Baker: Let’s turn to the question of planning. The NCI was different, perhaps, from all the other institutes in utilizing systems planning, which, as you know, not every academic scientist is in favor of, believing that individual scientist should be free to do what he determines should be done. Actually, we turned to systems planning to develop budgets in which you had to look at different priorities and different relationships among the parts. So a systems diagram is a very useful tool in looking at these broad programs and considering and reconsidering priorities, which helps you then develop the budget request for the Congress. How do you see this kind of systems planning in terms of the viral oncology effort?
Barkley: Well, it’s probably one of the early programs within the National Institutes of Health that really began to think in those terms, and I think--and it was... I’m trying to think of the person who, along with you, that...
Barkley: Caresse, Lou Caresse. I think it was evident that when resources to support science became more prevalent, this type of planning became essential, and I think the Cancer Institute’s effort demonstrated its value. I think it’s not a predictive tool for when certain goals are going to be achieved and needs to be reassessed periodically as new discoveries occur, but I think it enables a large organization like the Cancer Institute to begin to see the fields of opportunity where more resources may be needed, and I think that is important. I also feel that identifying scientists who are unusually creative should be encouraged to follow their intellectual lead, too. So I think you need that cutting edge and you need that planning sophistication to go hand in hand.

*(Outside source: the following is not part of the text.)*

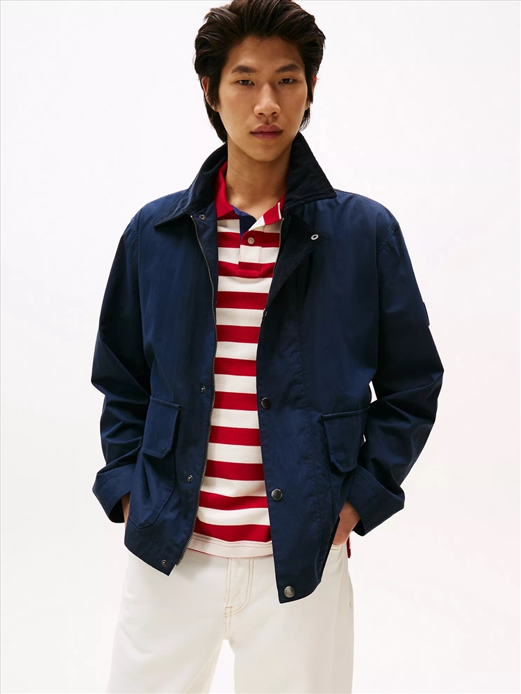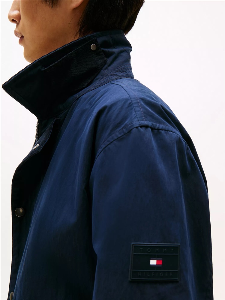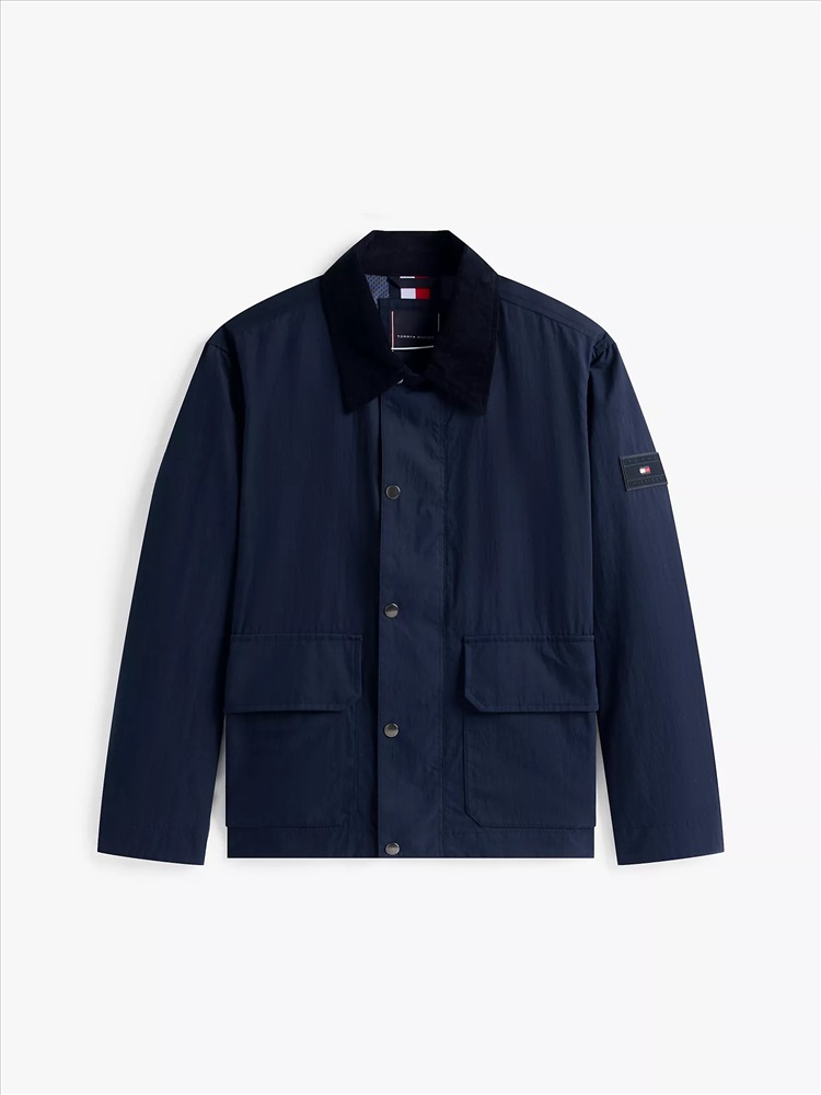 Tommy Hilfiger men's jacket. This lightweight utility jacket is the ideal outer layer for transitional weather days. This versatile style is designed with a soft corduroy collar and deep pockets for your essentials.

Baker: Too many people, it seems to me, are seeing this as an all-or-none, do all of the supporting of the individual scientists and none of the planned, central, managed, targeted programs, and others thought the opposite. I always saw it as a combination. You need both. It’s not a matter of one way or the other. Maybe we got acceptance broader by getting the participation of 250 scientists at the Early House meetings on going over the proposed goals and objectives and approaches and asking scientists to look at that and give us their input. You participated in the Early House meetings.
Baker: What’s your impression of that as you look back at that experience?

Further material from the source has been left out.